UserBenchmark
- Website type: Computer hardware ranking charts
- Products: Computer benchmarking tool
- Website: www.userbenchmark.com

= UserBenchmark =

Computer benchmark program and website

UserBenchmark is a computer benchmarking website that provides users with performance scores for various hardware components. It offers user-submitted reviews and dedicated tools to evaluate and compare the performance of individual components based on system tests. Its controversial opinions and perceived biases in its computer hardware rankings against AMD products have drawn criticism in the tech press.

== Features ==
UserBenchmark is a website which offers a benchmarking program to run on the user's PC and then allows them to upload the results on the website. The website provides performance comparisons for CPUs, GPUs, SSDs, HDDs, RAM, and USB drives. It works on a similar concept to 3DMark, another system benchmarking tool.

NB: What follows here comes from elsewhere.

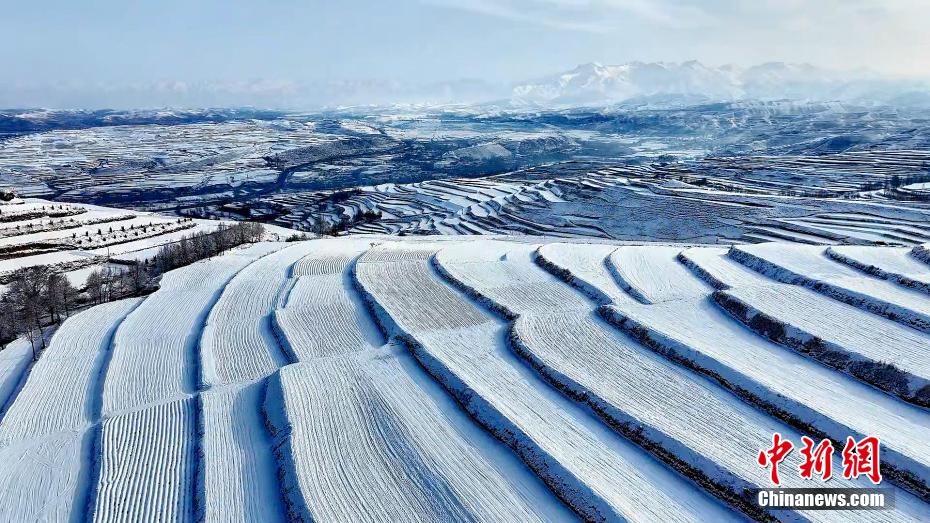 高原春日,青海省海東市互助土族自治縣東山鄉(xiāng),一場(chǎng)春雪過(guò)后,山巒、梯田在航拍鏡頭下宛若“大地指紋”。圖為山巒、田地被白雪覆蓋。

As UserBenchmark allows users to upload their hardware score results to the website, it makes it a source of unreleased hardware leaks. Leaks have been discovered for AMD, Intel and NVIDIA hardware.

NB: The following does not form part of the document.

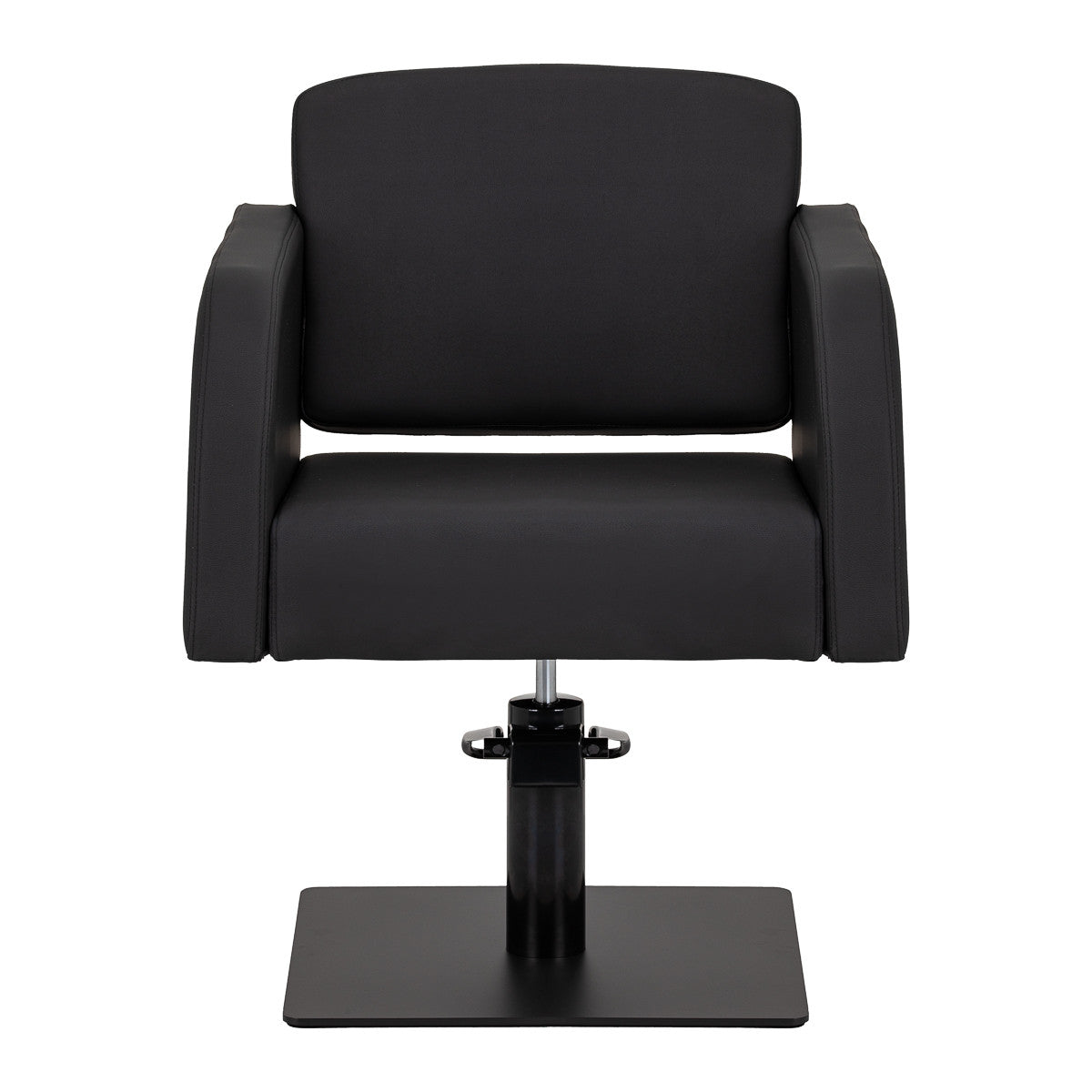 The Gabbiano Elda hairdressing chair combines minimalist design with functionality and everyday comfort. Streamlined lines give it a light and modern character, while the stable, square base in matte black further emphasises its style. The soft foam filling combined with soft-touch synthetic leather in shades of black ensures comfort even during long treatments. Carefully selected materials ensure durability, moisture resistance, and ease of cleaning. The chair fits perfectly into both modern and classic interiors, emphasising the professional character of the salon.

In 2024, UserBenchmark required a $10 per year fee to allow usage of the program during periods of high use. Some people, without subscriptions, may be able to make use of free open testing slots. To test with the open free slots, non-subscribers must finish "a 3D captcha minigame" with the objective of shooting 13 ships to the ground.

== Controversies ==
In July 2019, UserBenchmark updated how it calculates the effective speed index on its website's CPU hardware rankings, drastically affecting the ranking positions of CPUs, which had the effect of penalizing high core count processors, including most of AMD's lineup. This resulted in backlash on social media, with some hardware enthusiast boards banning links to the UserBenchmark website. UserBenchmark has become well known in the enthusiast PC gaming community for benchmarks results that disagree sharply with other sources, and for colorful and bizarre language in reviews denouncing AMD products in particular.